24th Jul2020

‘The Vigil’ Review

by Matthew Turner

Stars: Dave Davis, Fred Melamed, Ronald Cohen, Lynn Cohen, Menashe Lustig, Malky Goldman | Written and Directed by Keith Thomas

The debut feature from writer-director Keith Thomas, engaging and atmospheric horror The Vigil centres on Yakov Ronen (Dave Davis), a young man who has recently joined a self-help group for Jews struggling to adjust after leaving a tight-knit Orthodox community. In addition to processing a deeply traumatic event, Yakov is also struggling financially, so when his former rabbi Reb Shulem (Menashe Lustig) offers him $400 to sit as shomer and watch over the body of a recently deceased Holocaust survivor (Ronald Cohen), he is more or less forced to accept.

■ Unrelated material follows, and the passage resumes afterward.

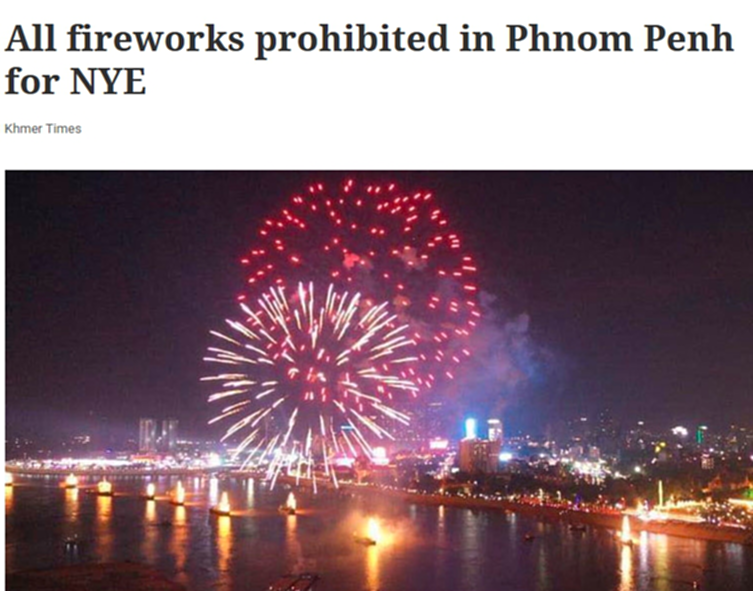 ขแมร์ไทม์สและแคมโบเดียเนส สื่อกัมพูชารายงานว่ารัฐบาลท้องถิ่นกรุงพนมเปญได้ออกแถลงการณ์ห้ามการจุดพลุและดอกไม้ไฟทุกประเภทในงานฉลองปีใหม่ที่กำลังจะมาถึง (2569) ที่กรุงพนมเปญ โดยให้เหตุผลด้านความปลอดภัย และความสงบเรียบร้อย พร้อมกันนี้ก็เตือนประชาชน ธุรกิจห้างร้าน ภาคเอกชน และนักท่องเที่ยวทั้งชาวกัมพูชาและชาวต่างประเทศให้ปฏิบัติตามคำสั่งดังกล่าวอย่างเคร่งครัด ผู้ที่ไม่ปฏิบัติตามจะถูกดำเนินคดีตามกฎหมาย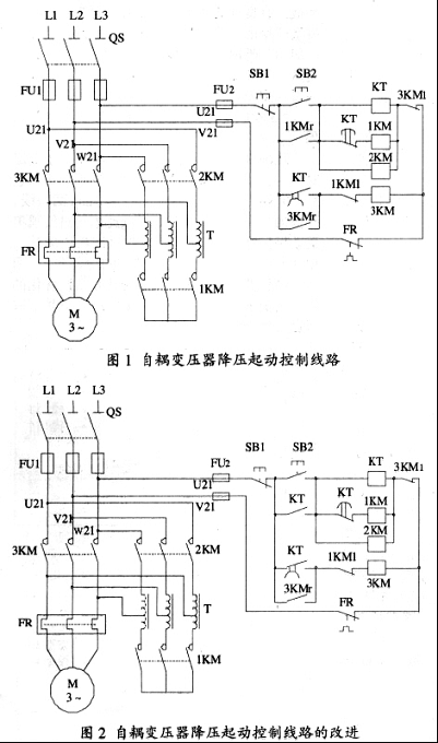 自耦變壓器降壓起動, 又稱為補(bǔ)償器降壓起動, 可用抽頭調(diào)節(jié)自耦變壓器的變比以改變起動電流和啟動轉(zhuǎn)矩大小。傳統(tǒng)自耦變壓器起動大多數(shù)是用加時間繼電器來控制。以下是根據(jù)某本中級電工培訓(xùn)指導(dǎo)書上自耦變壓器降壓起動控制線路所存在的弊病做了改進(jìn)。改進(jìn)后的控制線路投入使用以來, 運(yùn)行穩(wěn)定、可靠, 沒有出現(xiàn)故障。

As The Vigil explains up front with captions, being a shomer means protecting the recently deceased person from evil spirits or demons. Unfortunately, Mr Litvak had spent most of his life being haunted by a Mazzik (similar to a Dybbuk), so Yakov finds he has his work cut out for him as the malicious demon attempts to find a new host. The only other person in the house is Mrs Litvak (Lynn Cohen), whose severe dementia occasionally yields either useful advice or a timely warning.

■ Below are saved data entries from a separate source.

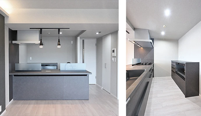 リビング・ダイニングに溶け込む空間にするため、システムキッチン、カップボード、キッチンパネルの色を合わせ濃いグレー色を採用しました。垂れ壁を撤去し閉鎖的だったキッチンをオープンな対面キッチンにする事で開放感溢れるキッチンに。熱、キズ、汚れに強く、美しいセラミックワークトップを採用してお手入れを簡単に。またワークトップの奥行を出しカウンター仕様にする事でハイチェアを置いて簡単な食事や、夜はバーのような雰囲気も楽しめるようにご提案しました。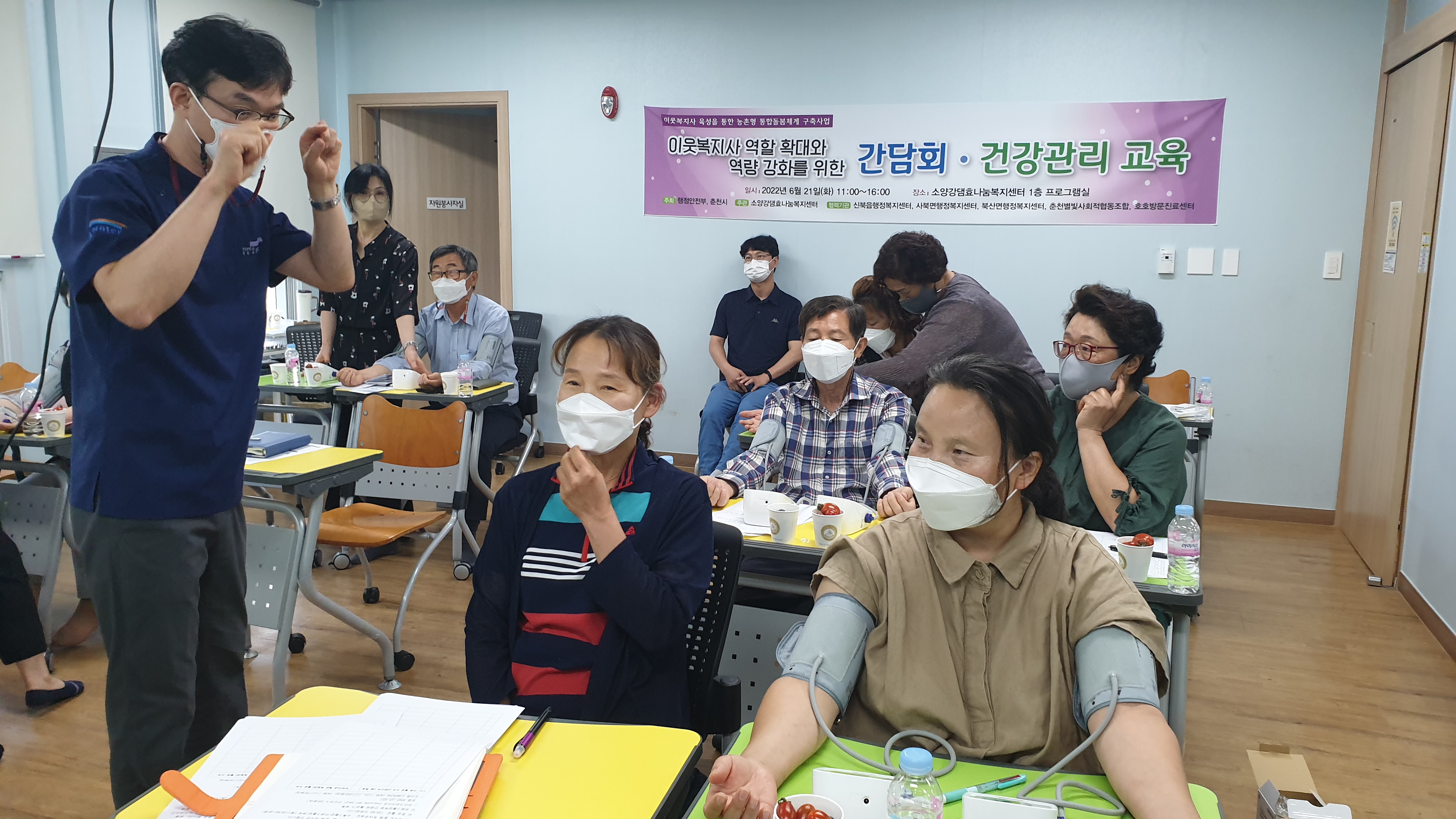 [강원사회복지신문 홍기한 기자]=K-water 소양강댐지사(지사장 오병동)가 설립한 소양강댐효나눔복지센터는 지난 8월 4일(목) 오전10시~12시에 2층 프로그램실에서 이웃복지사 역량강화를 위한 '어르신의 당뇨 관리(양창모 호호방문진료센터 센터장)' 교육을 했다. 이번 교육은 농촌마을어르신들이 이동의 불편으로 병원을 이...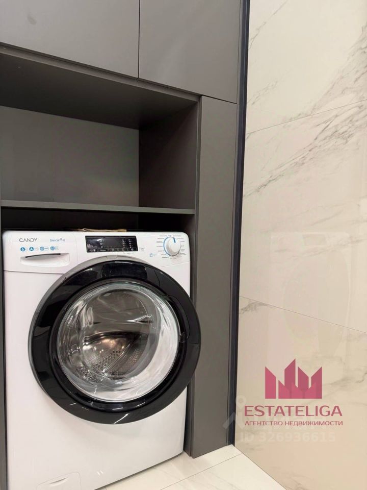 В комнате и кухне есть необходимая мебель. Из техники: холодильник, посудомоечная машина, духовая печь, электро-варочная панель, кондиционер, телевизор и стиральная машина. В санузле установлена ванна. В квартире предусмотрено большое количество места для хранения. Подключён интернет, поэтому можно работать из дома.

In what could very well prove a breakthrough performance, Davis is terrific as Yakov, engaging the audience’s sympathy with a heartfelt turn that shows just how vulnerable and lost the young man is after his own recent tragedy. There’s also strong support from Lynn Cohen (who’s also good for a jump scare or two), while Lustig is effective as the rabbi who may know more than he’s letting on.

Thomas’ direction is impressive throughout, especially when it comes to establishing a deeply creepy atmosphere. The lighting is particularly creative, with Zach Kuperstein’s camerawork expertly ratcheting up the tension by forcing you to peer into darkness or scan held images for hints of movement.

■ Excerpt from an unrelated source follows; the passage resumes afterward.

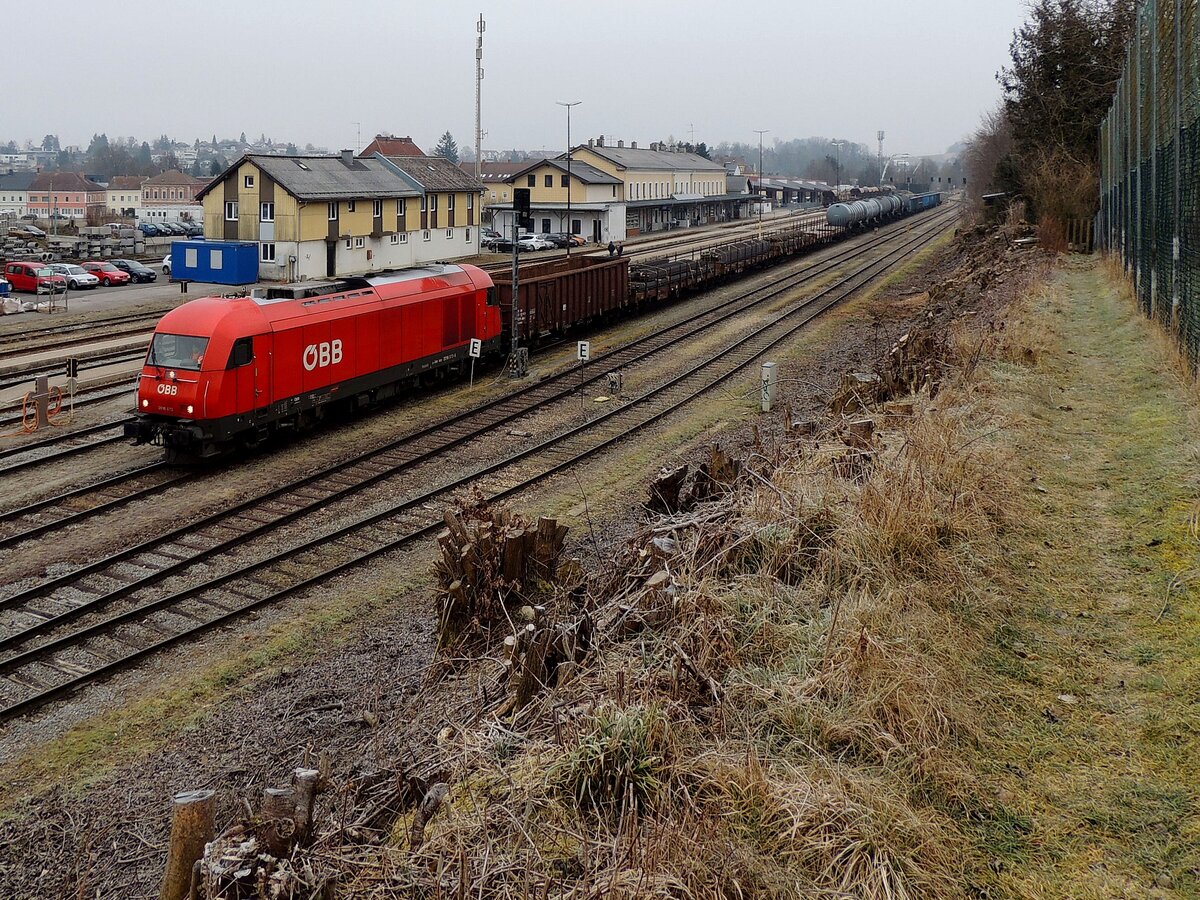 2016 073-6 verlässt mit einem Güterzug den Bhf. Ried; 250204

On top of that, Thomas’ script finds clever ways around the usual why-doesn’t-he-just-leave problem, first by establishing via a phone call to his therapist that Yakov had already been seeing and hearing things anyway (so the entire film can be read as his mental breakdown) and second by…well, that bit is too good to spoil here, but it gives the film one of its strongest horror scenes.

In addition to deploying some decent jump scares, Thomas pulls off a wide variety of creepy moments, the best of which find inventive uses for a mobile phone. (It’s a nice touch that Yakov is already daunted by his phone as he’s only just got one for the first time). Thomas’ depiction of the Mazzik itself is equally impressive, most notably in the withholding of the demon’s face until the crucial moment.

Ultimately, The Vigil does an excellent job of dovetailing the horror elements with a gripping character portrait of a man undergoing a dark night of the soul. As such, this is an accomplished debut from Thomas and it will be fascinating to see what he does next.

**** 4/5

The Vigil is released in the UK on July 31st.